Sometimes I have to use email to check in with some of our newer wineries with all of our hectic schedules. I threw out a few question this time to Genoa Cellars located up in the Warehouse District.
What did you do before discovering wine?
Derek and I started making wine together in 2004. We were college roommates long ago as engineering students and made beer then and after we moved to Seattle. We still both have day-jobs in technology but developed a passion for wine in the late 1990’s.
Why wine? How did you get started in wine?

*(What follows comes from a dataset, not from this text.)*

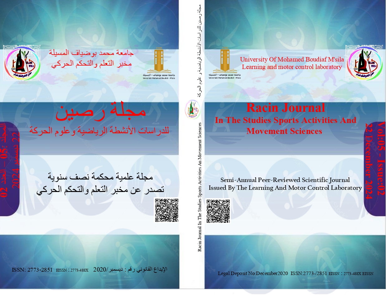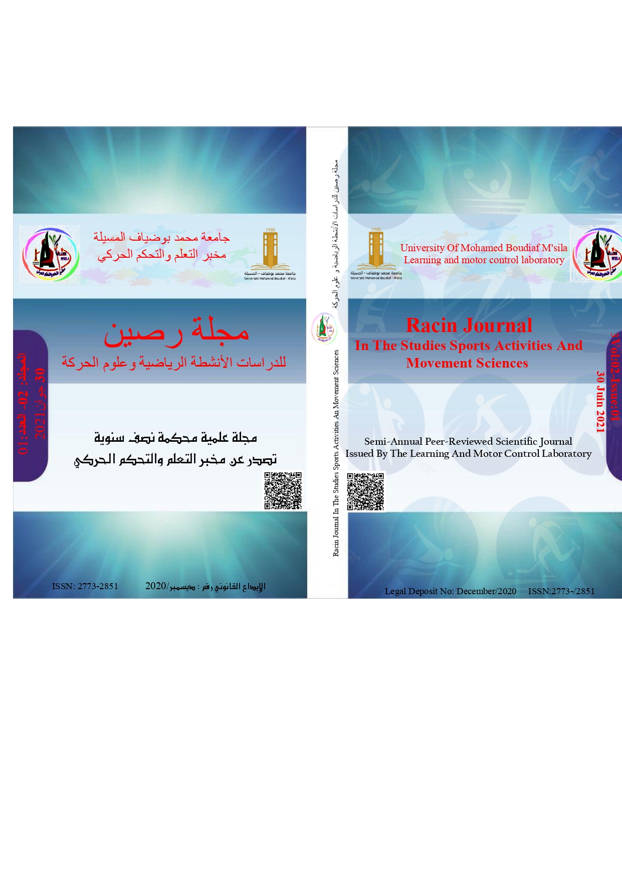 Vol. 5 No. 02 (2024)The Rasin Journal for Sports Activities and Movement Sciences is a semi-annual international scientific journal dedicated to publishing cutting-edge research and studies related to various topics and fields within the sciences and technologies of physical activities, sports, and movement sciences (psychological, educational, and social sciences; biomechanics; biological and medical sciences, etc.). The journal publishes innovative research in one of the aforementioned fields in Arabic with an abstract in English or French. Alternatively, the journal may publish research in either English or French with an Arabic abstract. The journal welcomes submissions from all researchers, professors, and graduate students, both within the country and abroad, who wish to publish their scientific work and research.

In 1997, I met my wife who pulled me into the world of wine. She was an avid winetaster and my eyes were opened to the possibilities. Derek separately started getting into wine at the same time. In 1998, I launched an online Web site that sold winetasting packages and provided winetasting how-to information. In 2003 when I was a Microsoft, a co-worker asked if I’d like to get into winemaking. She was doing it as a hobby and getting fruit through the Boeing Wine Club. She mentored Derek and I for the first couple of years as we continued to make more and more wine in my garage. We also began to connect with winemakers around the state. Coincidentally, Scott Moeller, who is at Novelty Hill- Januik Winery, had written articles for my Web site while he was at UC Davis for Enology. He was also a helpful resource as we ran into challenges in winemaking during our garage days. Alex Manoni from Stomani Cellars also has been an immense help and John Patterson from Patterson Cellars as we started up commercially.

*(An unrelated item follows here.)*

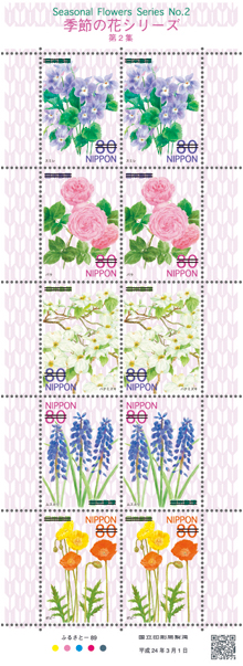 http://www.post.japanpost.jp/kitte_hagaki/stamp/furusato/2011/h240301_f.html記念切手は、親が集めていた関係で子供のころから、よく眺めていました。自分自身、収集するというより、使うために、ときどき1シート購入します。最近買った記憶のあるものでは、道後温泉に行ったときご当地の切手、東京文化会館50周年のときの切手。今回のものは、季節の花シリーズ第2集というものだそうです。スミレ、バラ、ハナミズキ、ムスカリ、ポピー2枚1組で10枚1シート。とてもきれいです。近く、郵便を出す用事があり、日本橋の郵便局で見つけました。5種類それぞれで、出す相手を思い浮かべて切手を貼るのは、アナログですが、自分にとっては楽しい作業です。3月のはじめごろ、気が付けば最近毎年同じようなことをしています。BGM: ドビュッシー アラベスクNo.1http://www.youtube.com/watch?v=A6s49OKp6aE

Why did you decide to focus on Super Tuscans?
We started making Sangiovese in 2004. In 2006, we decided to try blending with Cabernet Sauvignon and Merlot. We we talked about wine, we realized we both loved that style of wine and decided to try it. We later submitted our 2006 “Traveler” to the International Amateur Winemaker’s competition and won Gold. This set our direction.
What does the future look like for Genoa Cellars?
We will continue to focus on Super-Tuscan-style blends. We feel that we are the only winery focused on making the best possible Sangiovese blends in the state. We get great pleasure when someone comes into our tasting room and says “I don’t really like Chianti/Sangiovese”. We say, “you haven’t tried the way we do Sangiovese”. We continue to look for ways to appeal to different palates and add to our portfolio. We are putting more focus on our wine club members. We love to see their passion for our wines and every time they bring in their friends, it makes us feel like we’re on the right track. We are on a mission to show the world how good Washington Sangiovese can be and we’re toying with the idea of a second label in the future that will enable a lower price point that can reach another segment of the market.
Is there anything you would like to tell me?
Our brand is wrapped around Super-Tuscan-style wines and Sailing. We live in the Northwest and we’re surrounded by water. All our blends are named for a sailing related component or phrase. We always tell people “we can’t tell you what you should like – you like what you like”. But we are trying to put together different blends that we will drink regularly and variety can come from the different blends. If I’m in the mood for Syrah, I can have Ketch or possibly even Flying Colors. If I’m in the mood for a Brunello-style Sangiovese, I open up Traveler. If I’m thinking Merlot and Cabernet Sauvignon, Even Keel fits. If Cabernet Sauvignon, Danforth is what we grab for. Watch out for Crosswind (2011, that is), it might set you in a new direction.